La Casa de Papel tem terceira temporada marcada por conflitos

Após a inspetora Raquel Murillo (Itziar Ituño) ter descoberto de fato quem é o Professor (Álvaro Morte), os últimos feitos realizados pelos assaltantes mais amados do mundo resultaram em uma nova temporada de La Casa de Papel. Disponível na plataforma de streaming desde sexta-feira (19), a trama espanhola de Álex Pina é dividida em oito episódios que deixam doses de “quero mais”.

Desta vez, o tédio em estar rica e viver em paz numa ilha caribenha parece ter deixado os pulmões de Tokio (Úrsula Corberó) sem oxigênio, a levando a respirar em outros ares, conhecer gente nova, se movimentar, e, quem sabe, viver sem passar por maus bocados. Ledo engano… Mal sabia ela que este seria o ponta-pé inicial para a terceira sessão da série.

A garota de cognome japonês é uma bomba-relógio prestes a explodir, a razão de quase tudo começar a desandar. Ainda assim, toda bomba possui um fio que a desativa, e o de Tokio tem um nome: Rio (Miguel Herrán). Porém, quando o caçula da turma comete um erro motivado por amor, comprometendo os antigos planos, o rapaz apaixonado passa a ser um artifício que inicia a narrativa.

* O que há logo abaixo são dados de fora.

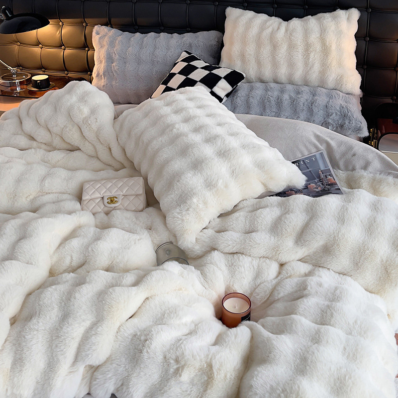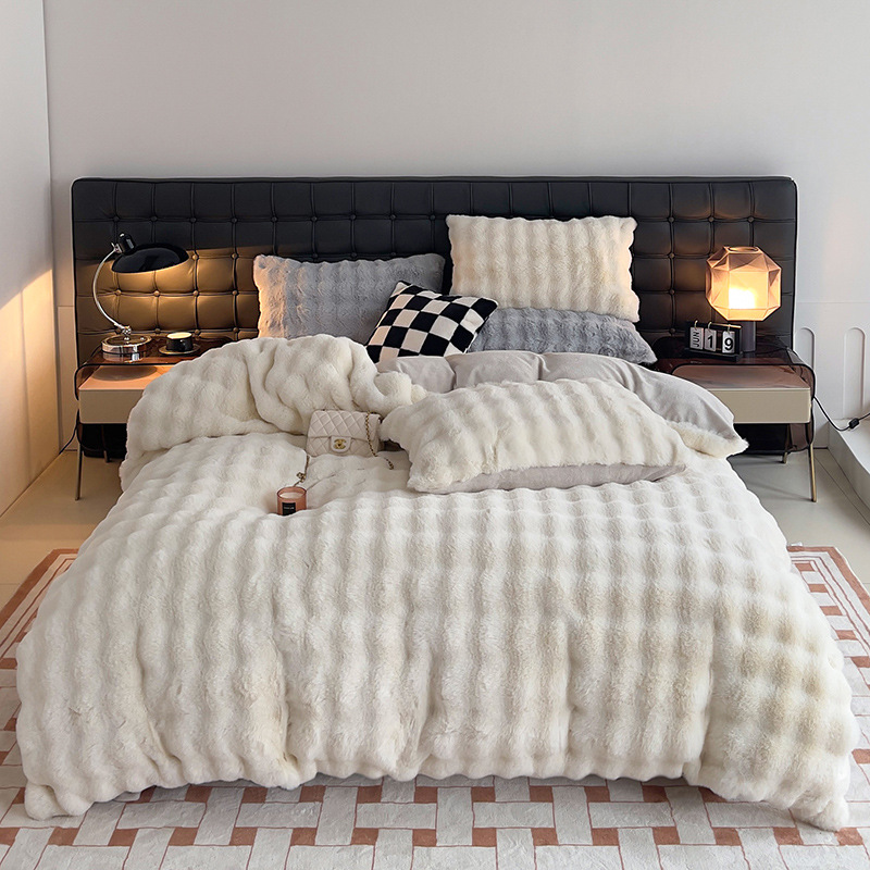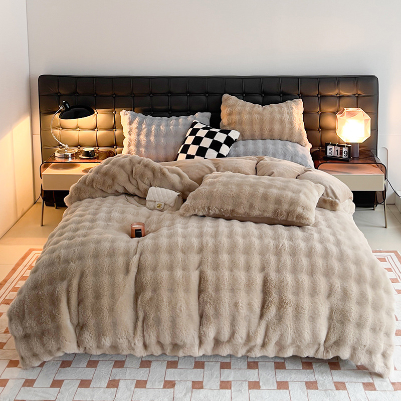 Class A Super Thick Rex Rabbit Cashmere 4 Piece Set Milk Fur Fur Extra Thick Autumn And Winter Baby Cashmere Quilt Set Bedding
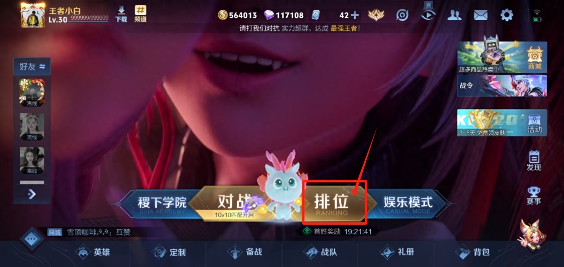 1. 进入游戏设置:打开王者荣耀游戏,进入游戏大厅后点击“排位”选项。

Parece mesmo é que imprimir dinheiro na Casa da Moeda não foi o suficiente. A trupe liderada pelo Professor, além de resgatar Rio da polícia, tenta assaltar o Banco da Espanha, plano idealizado por Berlín. Estratégias arquitetadas, é hora da busca pelas pesadas barras de ouro da instituição, trancafiadas a 48 metros abaixo do solo em um cofre com artimanhas prontas para esmagar quem ouse tocá-lo.

Personagens principais da terceira temporada de “La Casa de Papel”, da Netflix. Imagem: Netflix/Divulgação.

Para isso, o grupo precisaria de algumas implementações. Raquel e Mónica Gaztambide (Esther Acebo) integram a equipe; passam a se chamar Lisboa e Estocolmo, respectivamente. O “empieza el matriarcado” de Nairobi (Alba Flores) não obteve sucesso, dando lugar ao reinado de Palermo (Rodrigo de la Serna) — um embuste, convenhamos. Denver (Jaime Lorente) ser pai de um meninão dá o alívio que precisamos. Bogotá (Hovik Keuchkerian) entra em cena para dar continuidade ao papel de brutamonte interpretado por Oslo (Roberto García Ruiz), enquanto que Helsinki (Darko Peric) continua um ursinho carinhoso.

Exceto o fato de que “A Resistência” teria um obstáculo incomum intitulado Alicia Sierra (Najwa Nimri), tudo ocorreria conforme os ofícios. Os cabelos ruivos de Alicia materializam o fogo consumidor que ela deseja lançar sobre o bando, e nos entrega o final desta jornada à altura da interpretação de todo o elenco, que em nada deixaram a desejar.

Ainda com enredo previsível, a trama não deixa de envolver o público, principalmente quando acrescenta na história alguns flertes políticos, como diálogos sobre machismo e manifestações populares de apoio ao bando protagonista. Esse jogo de xadrez trouxe humanização aos personagens e forçou a produção a desenvolvê-los melhor, proposta que deu certo.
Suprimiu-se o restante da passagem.